Go through the entries below line by line and tally those holding "site"; write only the tally.

*Supplied material*:
***

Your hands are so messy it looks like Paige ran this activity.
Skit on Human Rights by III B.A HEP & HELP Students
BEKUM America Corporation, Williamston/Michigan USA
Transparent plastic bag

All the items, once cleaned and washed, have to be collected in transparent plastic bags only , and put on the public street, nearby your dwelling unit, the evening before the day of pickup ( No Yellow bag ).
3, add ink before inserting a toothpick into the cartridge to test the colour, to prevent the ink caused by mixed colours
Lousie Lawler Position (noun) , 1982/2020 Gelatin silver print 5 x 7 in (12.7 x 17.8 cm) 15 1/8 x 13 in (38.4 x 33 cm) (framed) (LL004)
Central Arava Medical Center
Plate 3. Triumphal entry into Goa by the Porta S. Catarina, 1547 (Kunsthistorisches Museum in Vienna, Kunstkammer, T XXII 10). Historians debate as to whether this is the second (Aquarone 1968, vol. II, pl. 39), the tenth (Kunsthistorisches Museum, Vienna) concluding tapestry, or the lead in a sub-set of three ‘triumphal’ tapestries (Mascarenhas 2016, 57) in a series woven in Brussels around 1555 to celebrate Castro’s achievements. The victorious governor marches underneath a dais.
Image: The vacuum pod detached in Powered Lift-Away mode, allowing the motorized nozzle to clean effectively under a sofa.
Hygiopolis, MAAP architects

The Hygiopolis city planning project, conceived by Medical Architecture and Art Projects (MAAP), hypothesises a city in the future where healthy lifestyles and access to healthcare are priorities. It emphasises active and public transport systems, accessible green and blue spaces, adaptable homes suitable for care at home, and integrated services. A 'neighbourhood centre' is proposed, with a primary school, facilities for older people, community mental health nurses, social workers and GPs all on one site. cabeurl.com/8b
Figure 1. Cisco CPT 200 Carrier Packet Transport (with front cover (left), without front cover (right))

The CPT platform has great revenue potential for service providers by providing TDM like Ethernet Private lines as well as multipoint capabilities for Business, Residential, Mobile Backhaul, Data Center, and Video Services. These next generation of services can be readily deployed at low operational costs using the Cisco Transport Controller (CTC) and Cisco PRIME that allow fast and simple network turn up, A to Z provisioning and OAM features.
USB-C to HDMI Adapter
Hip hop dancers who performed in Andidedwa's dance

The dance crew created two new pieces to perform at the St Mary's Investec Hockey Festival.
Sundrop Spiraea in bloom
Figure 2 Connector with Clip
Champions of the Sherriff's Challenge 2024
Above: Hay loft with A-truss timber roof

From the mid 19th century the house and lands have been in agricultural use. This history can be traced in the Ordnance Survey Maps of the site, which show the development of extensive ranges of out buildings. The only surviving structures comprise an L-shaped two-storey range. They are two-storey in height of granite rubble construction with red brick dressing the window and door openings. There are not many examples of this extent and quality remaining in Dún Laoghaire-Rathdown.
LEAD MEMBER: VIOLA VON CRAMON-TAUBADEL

***

*Result of the exercise*:
2